The Cable

Levin: Obama backed McChrystal in Afghanistan meeting

President Obama expressed strong support for Afghanistan commander Gen. Stanley McChrystal in his meeting with lawmakers this afternoon, Senate Armed Services Committee chairman Carl Levin reported upon returning to Capitol Hill. Several lawmakers used their short speaking time at the marathon briefing/discussion at the White House to weigh in on the firestorm created by the ...

President Obama expressed strong support for Afghanistan commander Gen. Stanley McChrystal in his meeting with lawmakers this afternoon, Senate Armed Services Committee chairman Carl Levin reported upon returning to Capitol Hill.

Several lawmakers used their short speaking time at the marathon briefing/discussion at the White House to weigh in on the firestorm created by the perception that McChrystal’s statements in speeches and interviews were meant to pressure Obama to increase troop levels or represented insubordination because he was getting ahead of the ongoing Afghanistan policy review.
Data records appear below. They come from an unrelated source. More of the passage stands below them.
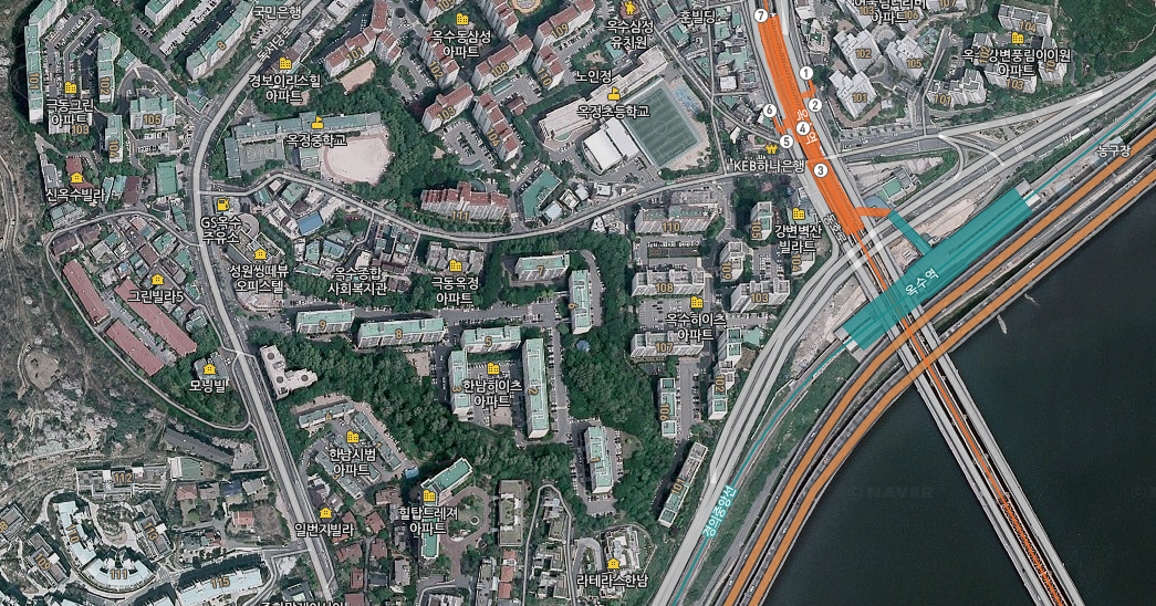압구정에서 건너온 3호선이 옥수동 금호동 상륙하는 스팟.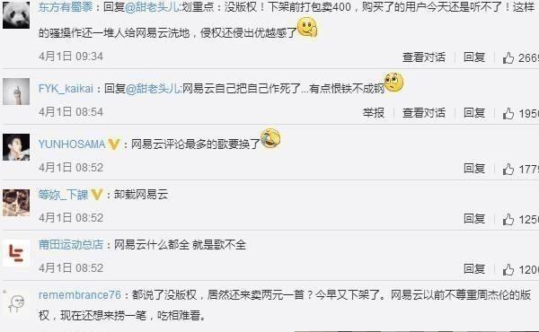 周董都粉丝更是遍地,然而就是这样,网易云在愚人节那天宣布,要下架周董都所有歌曲, 很多同时忠实网易云和周董的粉丝瞬间就炸了,更有网友直接表示:没有周杰伦,要你网易云何用!直接卸载!自己作死自己!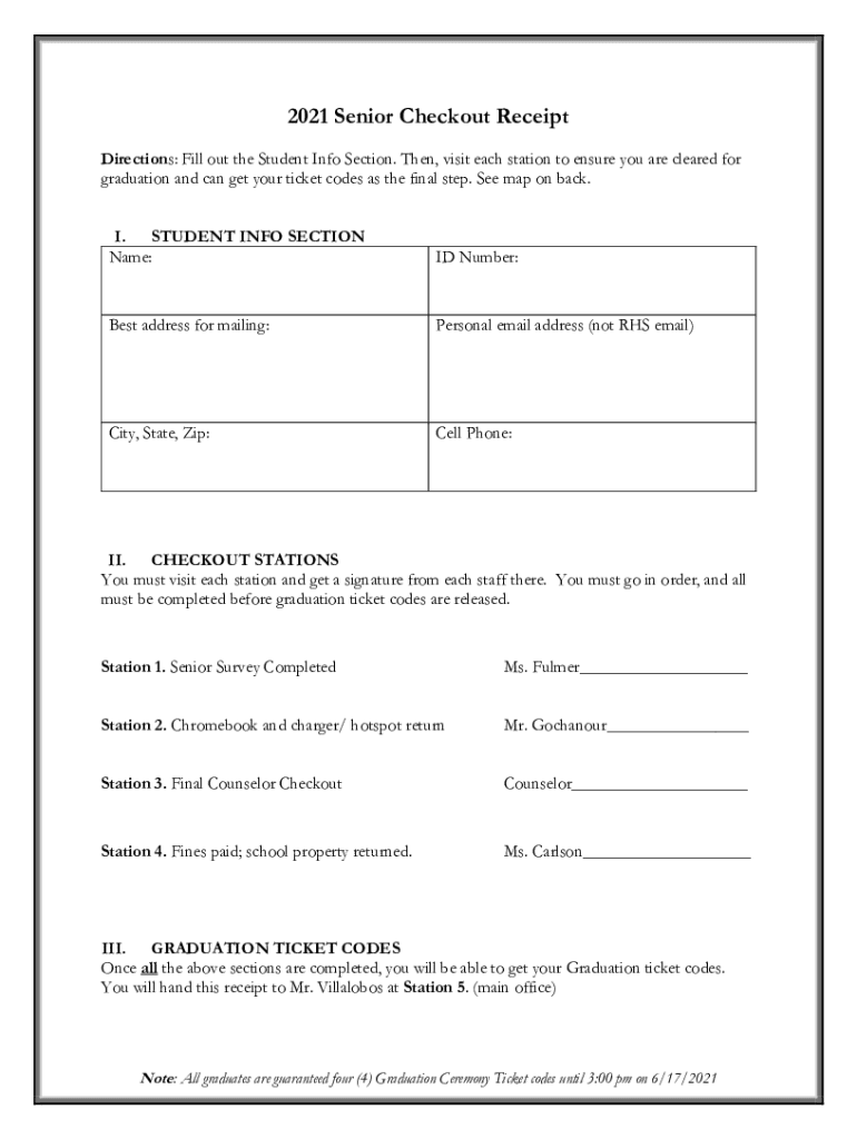 2021 Senior Checkout Receipt Directions: Fill out the Student Info Section. Then, visit each station to ensure you are cleared for graduation and can get your ticket codes as the final step. See map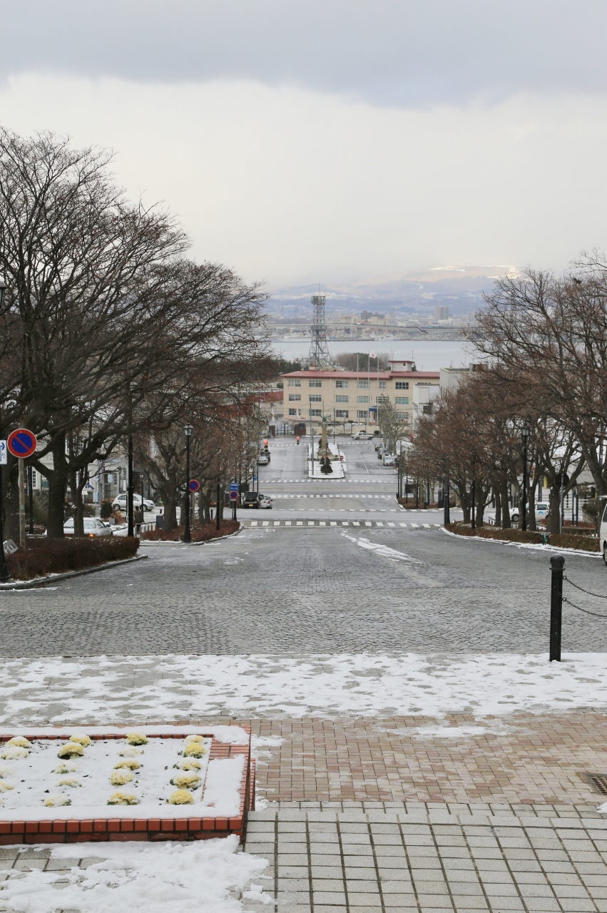 「坂の街」函館を代表する坂のひとつで、元町公園、旧函館区公会堂へ続いています。函館本道の基点でもあるそうで「基坂」。元町公園にはかつて北海道庁函館支庁があり、この辺りが函館の行政の中心だったことから「お役所坂」とも呼ばれていたそうです。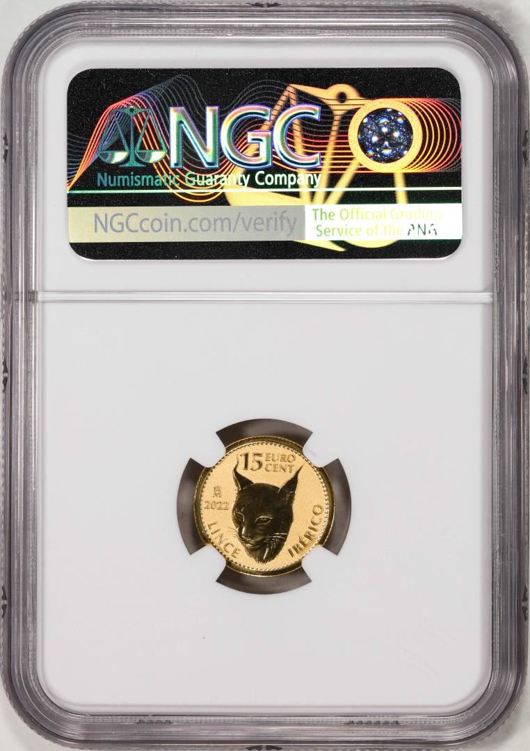 2022M Spain 15 Euro Cent Lynx Gold Doubloon Coin NGC MS69 FDOI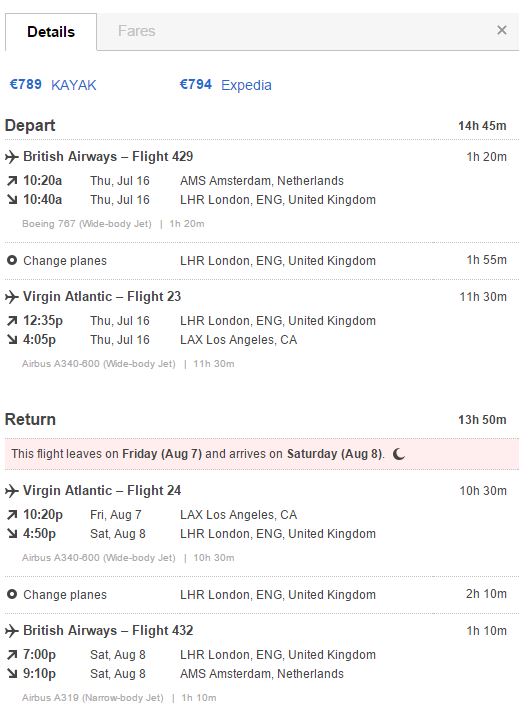 Mijn tip is en dat zullen zeker de andere forumleden hier ook zeggen "alle dagen vergelijken op de site, en verschillende site gebruiken en niet alleen connections raadplegen bv expedia,ebookers, orbitz, travelocity, momondo, kayak,ticketspy...)

"People talked about how good of a commander he’s got in the field and [Obama] agreed. People said he ought to put a lot of stock in what that commander says, and he agreed with that. Of course, others pointed out that there’s a chain of command above McChrystal that he ought to listen to, and he agreed with that as well," Levin said.
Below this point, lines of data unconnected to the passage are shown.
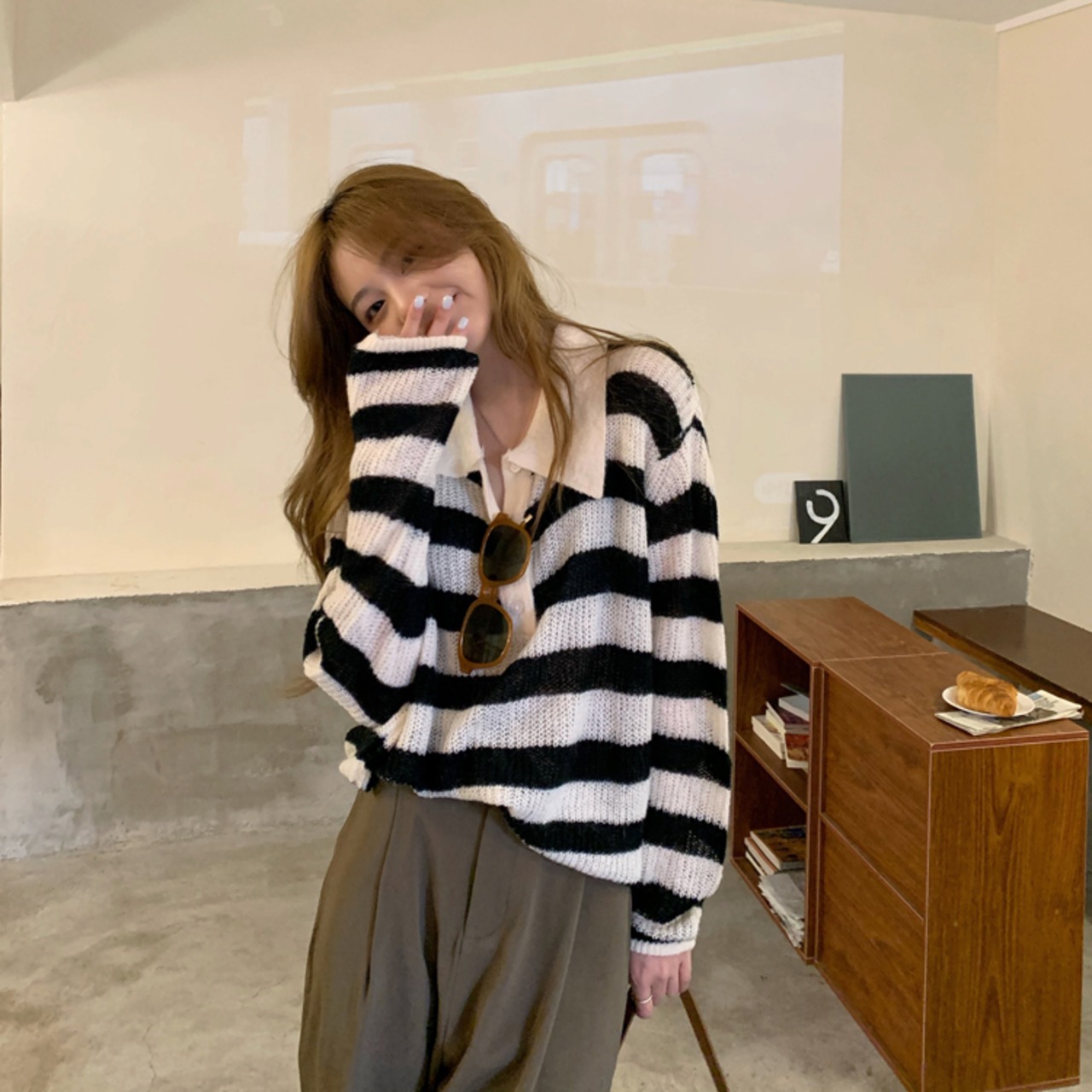 ゆったりとしたルーズシルエットのストライプセーターです。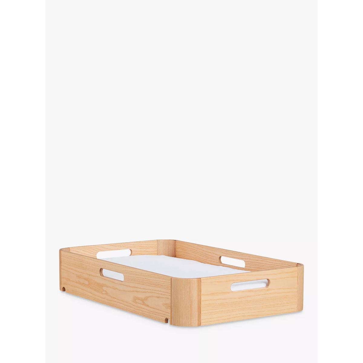 With a deep 8cm rim, your baby will be safe and secure when using this Hera Cot Top Changer. It is designed to sit on top of your Gaia Baby dresser (sold separately)but alternatively, it also fits snugly across your Hera cot (sold separately). It can be also be stowed away on its' Shaker style Hanging Rail (sold separately). Key Features: Made from sustainably sourced natural ash wood Generous 75cm (length) x 46cm (width) changing area provides comfort for longer babies Designed with grooves to fit snugly on the Hera Cot or Dresser Deep rim for extra security 100% recyclable and biodegradable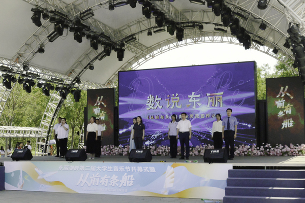 “竹板声声溯漕魂,碧水悠悠话传承!”6月7日,随着中国北方曲艺学校张雨生一曲快板《东丽湖畔话漕魂》的清脆响起,东丽湖畔第二届大学生音乐节开幕式暨“从前有条船”青春思政网络主题宣传活动正式启幕。这场由天津市东丽区委宣传部、东丽区委网信办联合主办的活动,创新性地以“船”为叙事纽带,通过音乐艺术、红色话剧、数据可视化展演等多元形式,构建起一条贯穿百年的“思政航路”。开场快板与舞蹈交织,将观众带回了漕运码头的繁忙景象,感受着历史文化的深厚底蕴。河东区少年宫的小舞者们踏着《鼓韵薪传》的节奏,身姿如浪,鼓点如涛,生动展现了“船”作为文化基因载体的独特魅力。

But Levin said that story was overblown and that the president and his field commander are on the same page.

"There’s no rift with McChrystal," said Levin, "[Obama] said he picked McChrystal and he wants McChrystal to be direct … He reiterated that McChrystal is very supportive of the deliberative process and getting the strategy right before focusing on the troop levels or resources."
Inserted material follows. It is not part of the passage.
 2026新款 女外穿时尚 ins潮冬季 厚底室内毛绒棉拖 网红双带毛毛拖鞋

Someone who is not on the same page as McChrystal is Levin himself, who said he told Obama clearly at the large meeting and during a private conversation afterwards that he was opposed to sending more combat troops past what it would take to protect additional trainers for the Afghan security forces.

"I don’t think we should be sending in more combat troops, because the downsides of doing that outweigh the additional value," Levin said, who added that "A lot of Republicans spoke as if they very much support what he is trying to do, in terms of the general direction in which he’s heading."